• Exercise instructions
Write out the lines below exactly, beginning at the one with "Während der Rundfahrt" and stopping after the one with "Nachtkastje Prya is"; the pictures are not copied.

• Entries supplied
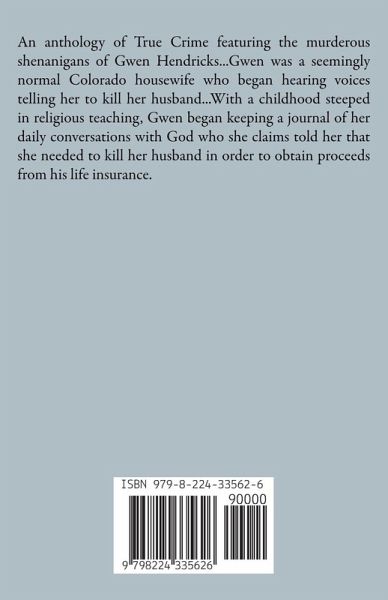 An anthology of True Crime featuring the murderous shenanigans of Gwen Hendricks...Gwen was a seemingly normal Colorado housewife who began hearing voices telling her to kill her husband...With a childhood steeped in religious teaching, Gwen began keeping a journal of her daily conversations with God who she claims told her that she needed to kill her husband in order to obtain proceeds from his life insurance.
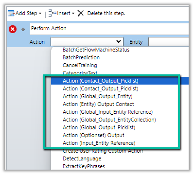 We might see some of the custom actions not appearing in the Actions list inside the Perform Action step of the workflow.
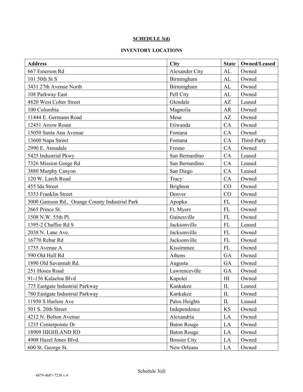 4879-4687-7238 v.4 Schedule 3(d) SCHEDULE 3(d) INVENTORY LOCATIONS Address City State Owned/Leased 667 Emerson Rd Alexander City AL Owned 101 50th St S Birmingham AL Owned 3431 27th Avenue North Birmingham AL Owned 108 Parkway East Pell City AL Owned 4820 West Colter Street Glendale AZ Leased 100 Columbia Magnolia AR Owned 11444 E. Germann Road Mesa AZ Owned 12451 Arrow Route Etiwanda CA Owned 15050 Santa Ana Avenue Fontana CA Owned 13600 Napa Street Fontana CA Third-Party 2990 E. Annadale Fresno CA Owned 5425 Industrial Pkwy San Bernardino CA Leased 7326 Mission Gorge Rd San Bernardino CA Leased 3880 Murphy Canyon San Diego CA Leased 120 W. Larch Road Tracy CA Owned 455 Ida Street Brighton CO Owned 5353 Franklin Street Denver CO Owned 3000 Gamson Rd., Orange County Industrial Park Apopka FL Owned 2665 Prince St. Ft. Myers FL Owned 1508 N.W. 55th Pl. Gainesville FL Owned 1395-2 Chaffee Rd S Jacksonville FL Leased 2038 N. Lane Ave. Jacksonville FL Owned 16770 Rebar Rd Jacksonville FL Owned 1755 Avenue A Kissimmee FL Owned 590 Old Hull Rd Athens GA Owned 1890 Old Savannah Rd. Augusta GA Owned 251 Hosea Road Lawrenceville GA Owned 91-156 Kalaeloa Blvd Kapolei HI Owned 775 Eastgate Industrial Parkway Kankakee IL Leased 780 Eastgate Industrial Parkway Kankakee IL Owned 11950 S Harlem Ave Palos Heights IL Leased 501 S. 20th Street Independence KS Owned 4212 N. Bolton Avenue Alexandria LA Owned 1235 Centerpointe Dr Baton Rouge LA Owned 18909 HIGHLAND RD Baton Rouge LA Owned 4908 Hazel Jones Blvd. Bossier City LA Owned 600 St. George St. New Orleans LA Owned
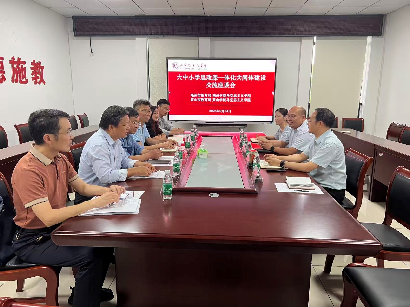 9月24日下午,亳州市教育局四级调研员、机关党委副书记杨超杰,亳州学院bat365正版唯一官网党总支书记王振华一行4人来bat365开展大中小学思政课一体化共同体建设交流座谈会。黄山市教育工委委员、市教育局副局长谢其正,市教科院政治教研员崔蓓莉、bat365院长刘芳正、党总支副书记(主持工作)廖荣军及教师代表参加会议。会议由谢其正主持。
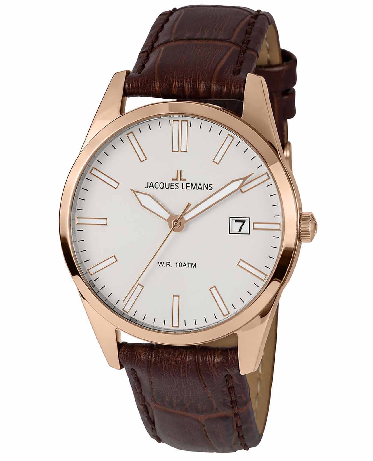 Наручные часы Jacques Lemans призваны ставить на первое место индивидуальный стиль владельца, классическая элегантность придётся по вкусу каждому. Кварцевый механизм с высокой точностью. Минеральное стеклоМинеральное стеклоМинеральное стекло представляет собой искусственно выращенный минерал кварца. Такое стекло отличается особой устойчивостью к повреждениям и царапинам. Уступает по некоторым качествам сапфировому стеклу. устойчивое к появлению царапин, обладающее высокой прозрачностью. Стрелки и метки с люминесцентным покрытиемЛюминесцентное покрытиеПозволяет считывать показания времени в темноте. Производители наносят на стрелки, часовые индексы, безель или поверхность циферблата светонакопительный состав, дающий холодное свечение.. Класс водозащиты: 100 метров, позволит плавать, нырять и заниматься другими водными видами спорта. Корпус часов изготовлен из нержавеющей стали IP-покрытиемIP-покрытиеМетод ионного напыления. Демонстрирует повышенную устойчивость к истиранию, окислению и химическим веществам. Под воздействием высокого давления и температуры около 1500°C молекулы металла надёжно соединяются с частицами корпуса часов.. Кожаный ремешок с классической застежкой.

--

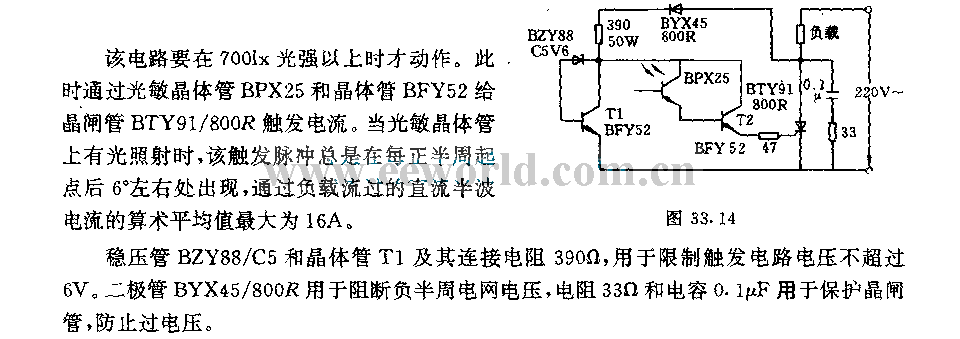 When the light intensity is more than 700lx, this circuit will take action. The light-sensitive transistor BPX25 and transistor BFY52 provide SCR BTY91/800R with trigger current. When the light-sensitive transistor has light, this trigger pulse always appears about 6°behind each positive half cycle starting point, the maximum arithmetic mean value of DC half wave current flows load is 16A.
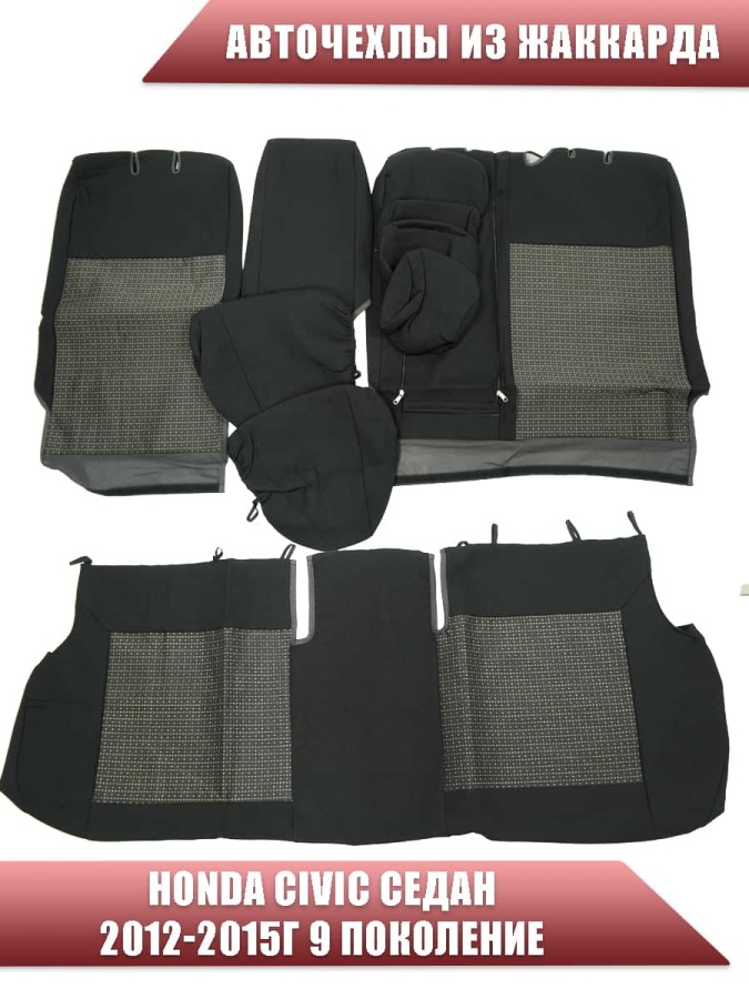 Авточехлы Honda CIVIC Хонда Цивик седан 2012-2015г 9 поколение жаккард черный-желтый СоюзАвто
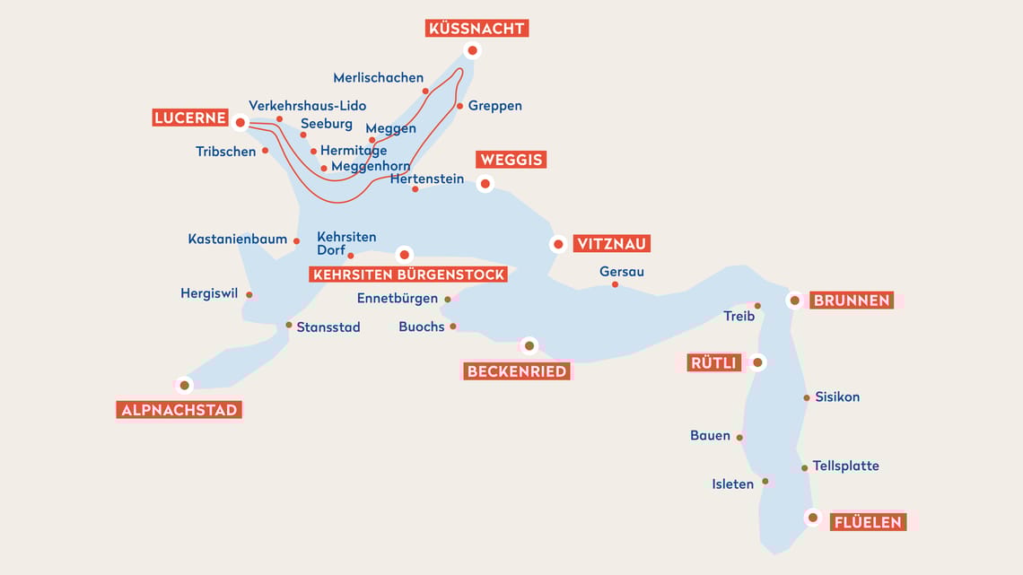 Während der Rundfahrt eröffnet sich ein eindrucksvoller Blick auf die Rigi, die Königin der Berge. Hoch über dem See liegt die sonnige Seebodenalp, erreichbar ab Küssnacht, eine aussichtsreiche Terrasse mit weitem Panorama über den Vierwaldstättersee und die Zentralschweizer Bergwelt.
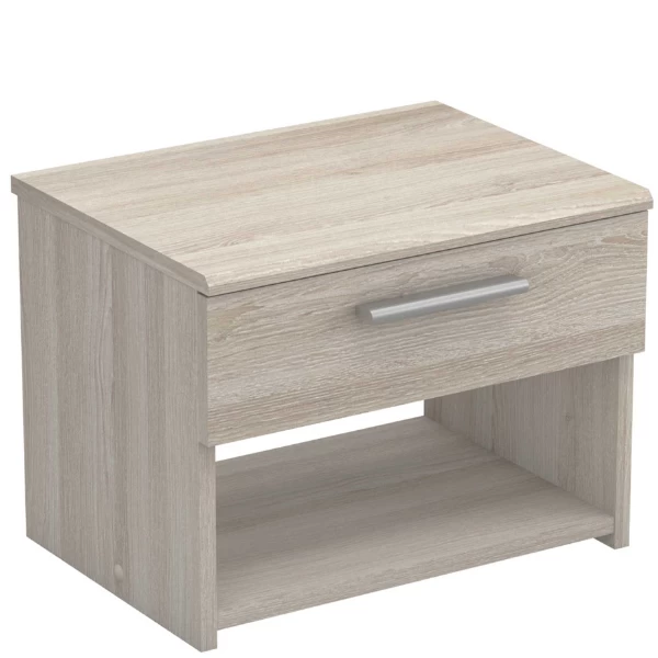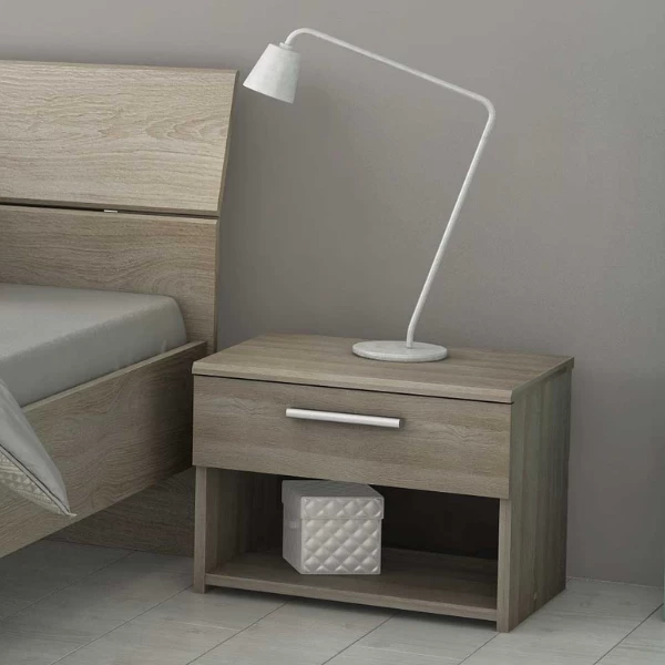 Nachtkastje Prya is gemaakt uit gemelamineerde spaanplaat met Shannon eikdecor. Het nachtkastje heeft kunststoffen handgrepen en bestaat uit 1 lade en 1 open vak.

==

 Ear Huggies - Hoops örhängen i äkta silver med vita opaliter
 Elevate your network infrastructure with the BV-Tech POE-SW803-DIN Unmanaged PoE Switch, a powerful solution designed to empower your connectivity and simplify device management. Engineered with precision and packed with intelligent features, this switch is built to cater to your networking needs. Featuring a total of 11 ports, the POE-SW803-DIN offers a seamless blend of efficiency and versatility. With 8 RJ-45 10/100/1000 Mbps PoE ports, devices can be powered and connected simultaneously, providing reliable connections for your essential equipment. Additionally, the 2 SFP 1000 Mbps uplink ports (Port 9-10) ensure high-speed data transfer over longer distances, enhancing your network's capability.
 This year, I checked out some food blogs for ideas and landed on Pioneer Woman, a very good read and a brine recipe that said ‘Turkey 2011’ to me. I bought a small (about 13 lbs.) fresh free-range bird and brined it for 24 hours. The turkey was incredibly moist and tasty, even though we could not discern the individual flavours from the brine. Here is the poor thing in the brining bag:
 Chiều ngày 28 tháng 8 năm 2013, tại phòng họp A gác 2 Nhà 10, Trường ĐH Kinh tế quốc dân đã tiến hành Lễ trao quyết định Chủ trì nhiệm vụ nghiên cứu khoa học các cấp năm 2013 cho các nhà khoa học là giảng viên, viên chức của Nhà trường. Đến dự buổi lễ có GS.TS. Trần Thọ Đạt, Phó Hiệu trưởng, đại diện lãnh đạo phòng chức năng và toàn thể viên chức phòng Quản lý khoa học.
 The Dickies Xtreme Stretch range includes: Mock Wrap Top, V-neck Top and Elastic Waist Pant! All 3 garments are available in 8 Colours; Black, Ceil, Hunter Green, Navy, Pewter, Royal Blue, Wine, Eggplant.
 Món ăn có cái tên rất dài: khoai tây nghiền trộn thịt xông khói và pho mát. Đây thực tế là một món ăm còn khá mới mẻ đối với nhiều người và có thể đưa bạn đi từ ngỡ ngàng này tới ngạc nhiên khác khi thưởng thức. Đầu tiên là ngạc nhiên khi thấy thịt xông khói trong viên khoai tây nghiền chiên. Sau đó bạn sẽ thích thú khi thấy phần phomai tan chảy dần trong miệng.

• Result for this task
 Während der Rundfahrt eröffnet sich ein eindrucksvoller Blick auf die Rigi, die Königin der Berge. Hoch über dem See liegt die sonnige Seebodenalp, erreichbar ab Küssnacht, eine aussichtsreiche Terrasse mit weitem Panorama über den Vierwaldstättersee und die Zentralschweizer Bergwelt.
 Nachtkastje Prya is gemaakt uit gemelamineerde spaanplaat met Shannon eikdecor. Het nachtkastje heeft kunststoffen handgrepen en bestaat uit 1 lade en 1 open vak.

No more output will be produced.